What is needed is an exact copy of every line from the one with "半岛铁盒吉他谱,周杰伦演唱,小姐请问一下" to the end of the entries below, without the pictures.

GIVEN DATA below:

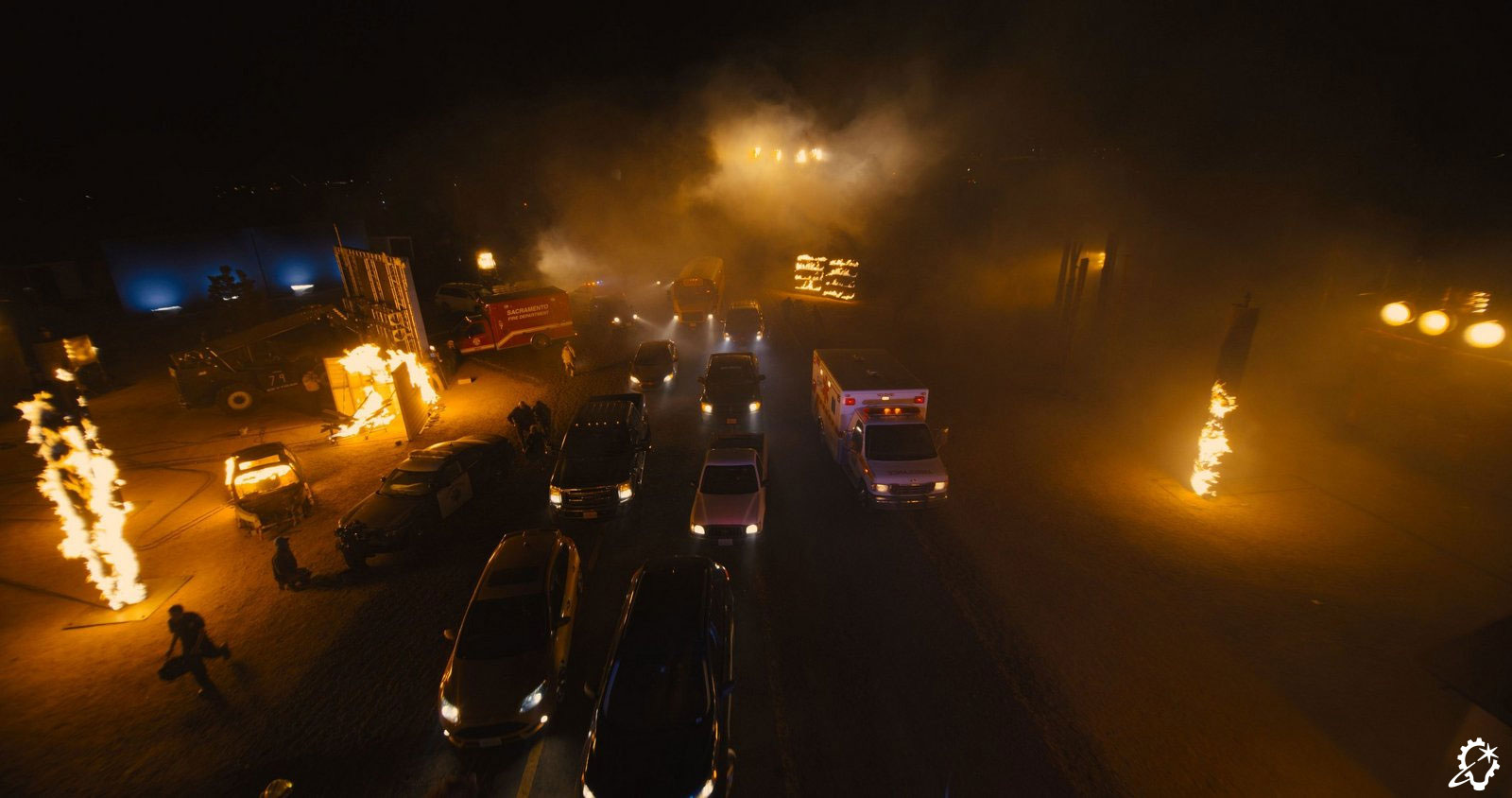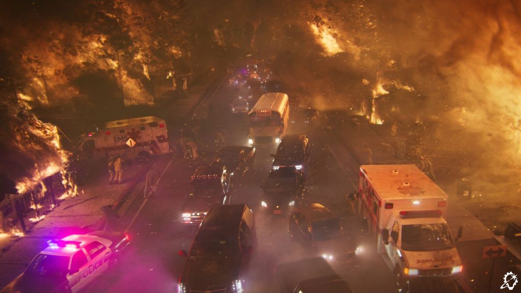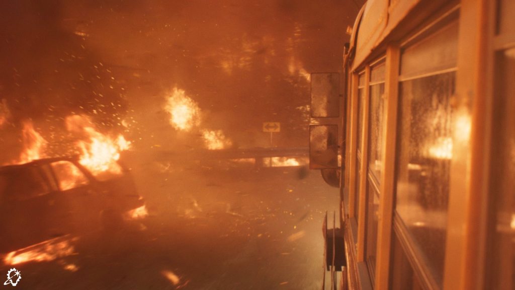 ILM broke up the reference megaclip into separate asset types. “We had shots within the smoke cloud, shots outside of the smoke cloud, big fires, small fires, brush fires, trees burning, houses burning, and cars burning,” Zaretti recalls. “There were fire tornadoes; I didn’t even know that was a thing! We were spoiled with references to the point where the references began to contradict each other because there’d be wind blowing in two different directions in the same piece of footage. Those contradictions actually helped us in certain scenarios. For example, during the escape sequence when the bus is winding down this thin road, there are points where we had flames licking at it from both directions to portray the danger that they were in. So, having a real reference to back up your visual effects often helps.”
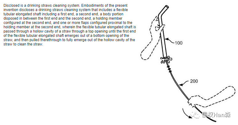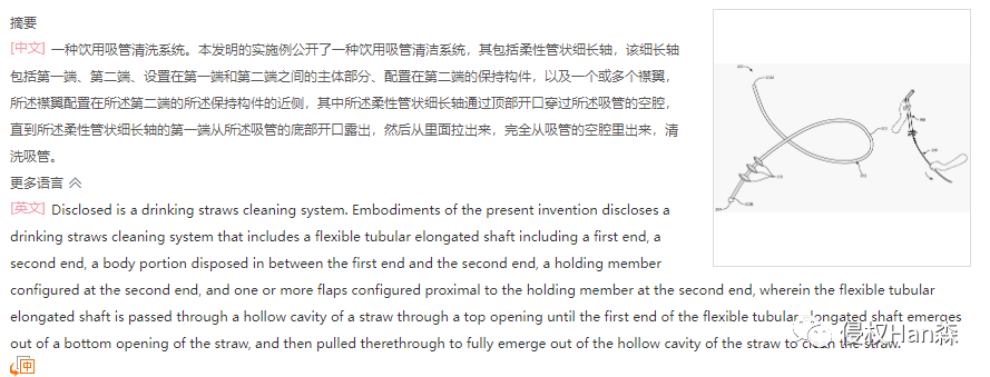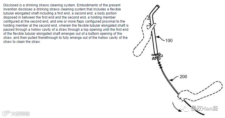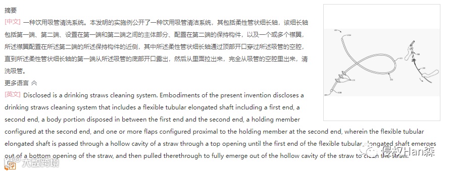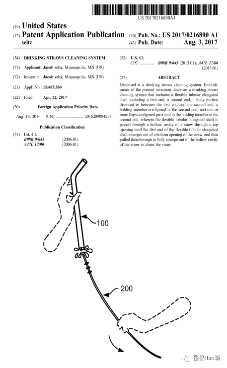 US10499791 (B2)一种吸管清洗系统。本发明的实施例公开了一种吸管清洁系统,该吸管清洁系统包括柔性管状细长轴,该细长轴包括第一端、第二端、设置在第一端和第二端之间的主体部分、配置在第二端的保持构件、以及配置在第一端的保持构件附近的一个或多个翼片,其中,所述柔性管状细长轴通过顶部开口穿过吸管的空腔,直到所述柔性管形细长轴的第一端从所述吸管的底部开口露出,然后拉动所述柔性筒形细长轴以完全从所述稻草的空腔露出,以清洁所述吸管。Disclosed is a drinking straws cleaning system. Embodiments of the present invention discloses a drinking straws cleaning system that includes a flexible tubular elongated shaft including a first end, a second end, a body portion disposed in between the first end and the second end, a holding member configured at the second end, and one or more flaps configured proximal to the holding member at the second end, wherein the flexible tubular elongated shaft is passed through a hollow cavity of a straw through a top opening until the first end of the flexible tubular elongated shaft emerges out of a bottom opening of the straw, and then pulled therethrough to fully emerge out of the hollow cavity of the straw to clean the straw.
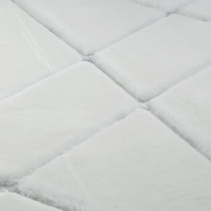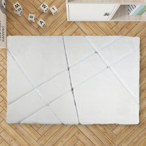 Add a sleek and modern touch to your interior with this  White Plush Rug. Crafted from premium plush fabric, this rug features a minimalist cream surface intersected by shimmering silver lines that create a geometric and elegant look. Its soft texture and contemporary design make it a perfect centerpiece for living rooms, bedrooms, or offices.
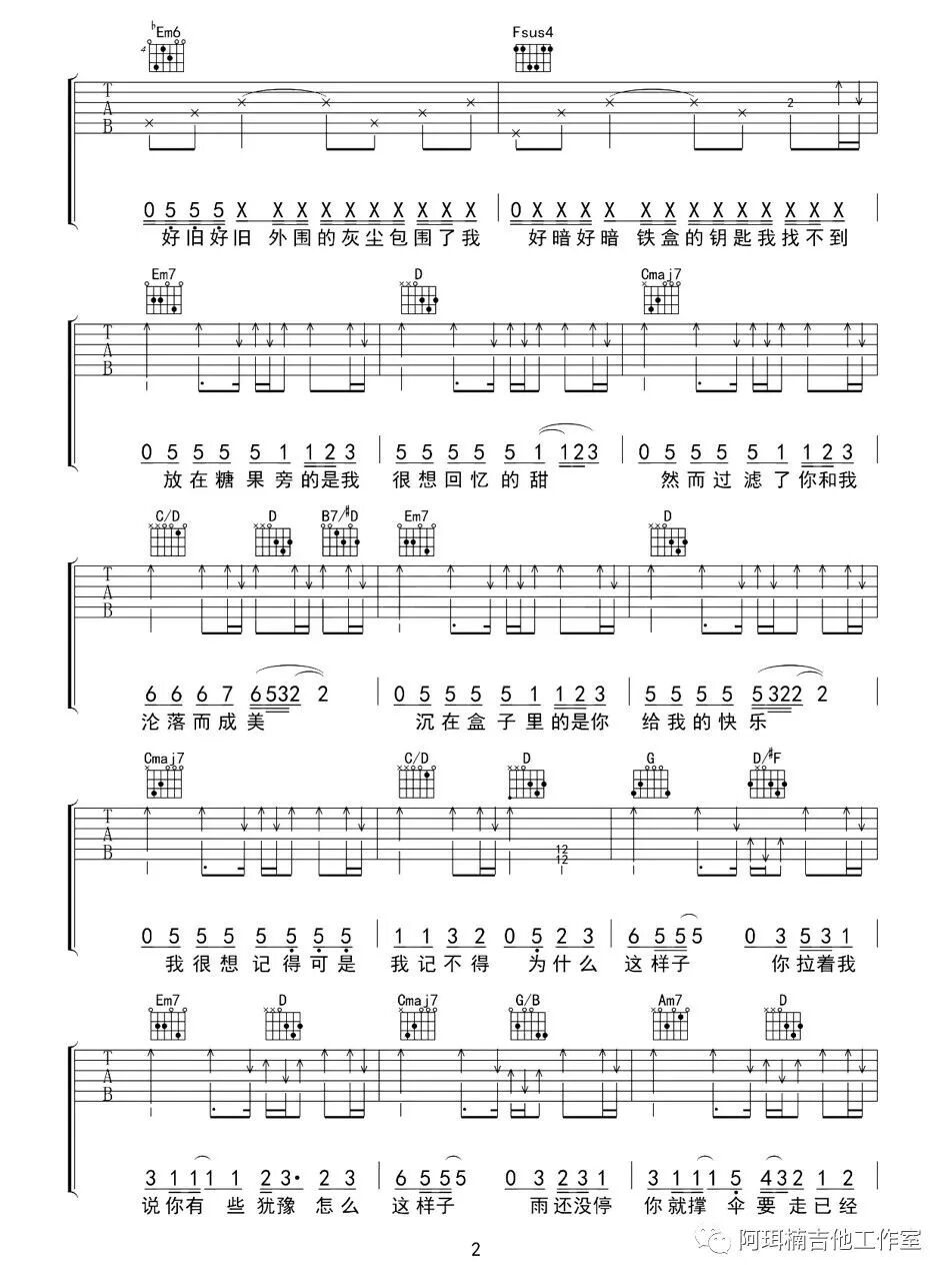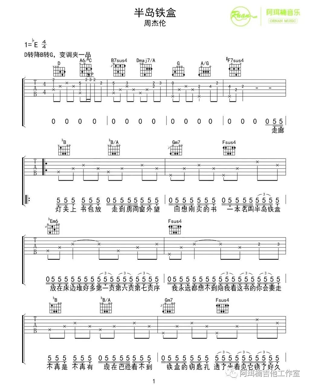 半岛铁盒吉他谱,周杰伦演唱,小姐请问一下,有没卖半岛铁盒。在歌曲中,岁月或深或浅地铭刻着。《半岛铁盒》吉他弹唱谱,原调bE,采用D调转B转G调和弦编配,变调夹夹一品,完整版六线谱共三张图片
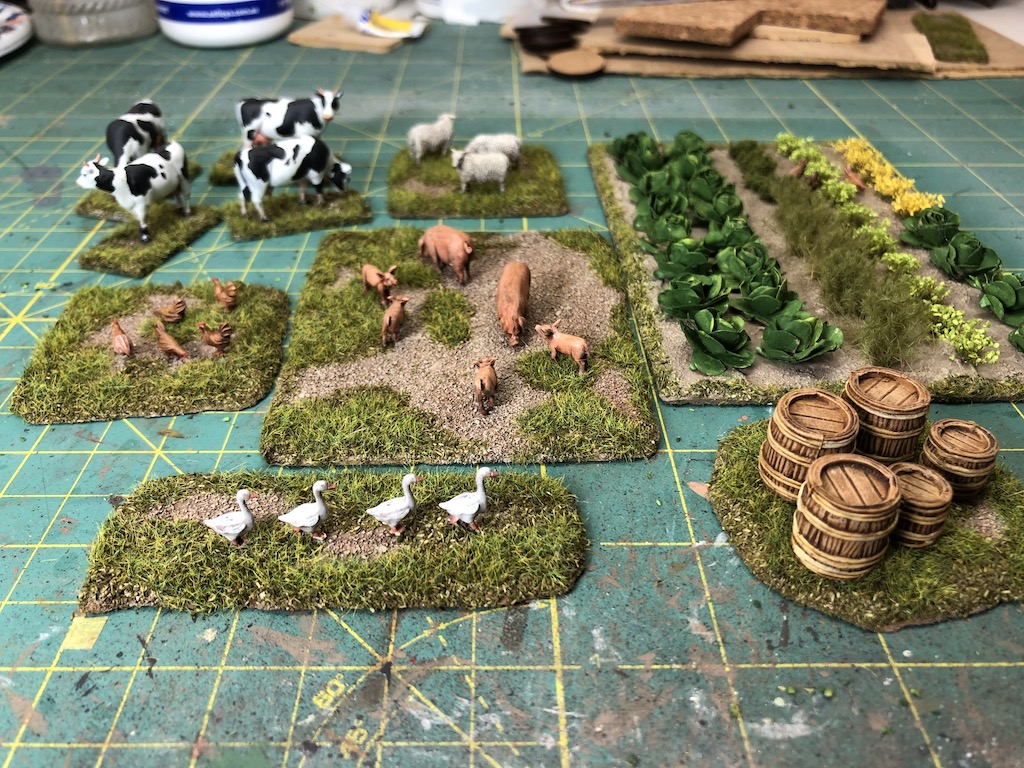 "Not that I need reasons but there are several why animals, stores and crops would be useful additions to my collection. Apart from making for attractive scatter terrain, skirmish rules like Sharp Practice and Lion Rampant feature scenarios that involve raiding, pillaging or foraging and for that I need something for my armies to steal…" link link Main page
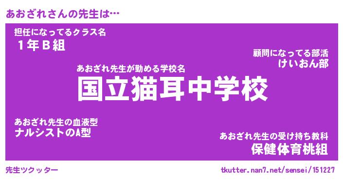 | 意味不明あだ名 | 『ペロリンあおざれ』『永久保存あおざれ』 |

End of GIVEN DATA.

ANSWER BOX =>
 半岛铁盒吉他谱,周杰伦演唱,小姐请问一下,有没卖半岛铁盒。在歌曲中,岁月或深或浅地铭刻着。《半岛铁盒》吉他弹唱谱,原调bE,采用D调转B转G调和弦编配,变调夹夹一品,完整版六线谱共三张图片
 "Not that I need reasons but there are several why animals, stores and crops would be useful additions to my collection. Apart from making for attractive scatter terrain, skirmish rules like Sharp Practice and Lion Rampant feature scenarios that involve raiding, pillaging or foraging and for that I need something for my armies to steal…" link link Main page
 | 意味不明あだ名 | 『ペロリンあおざれ』『永久保存あおざれ』 |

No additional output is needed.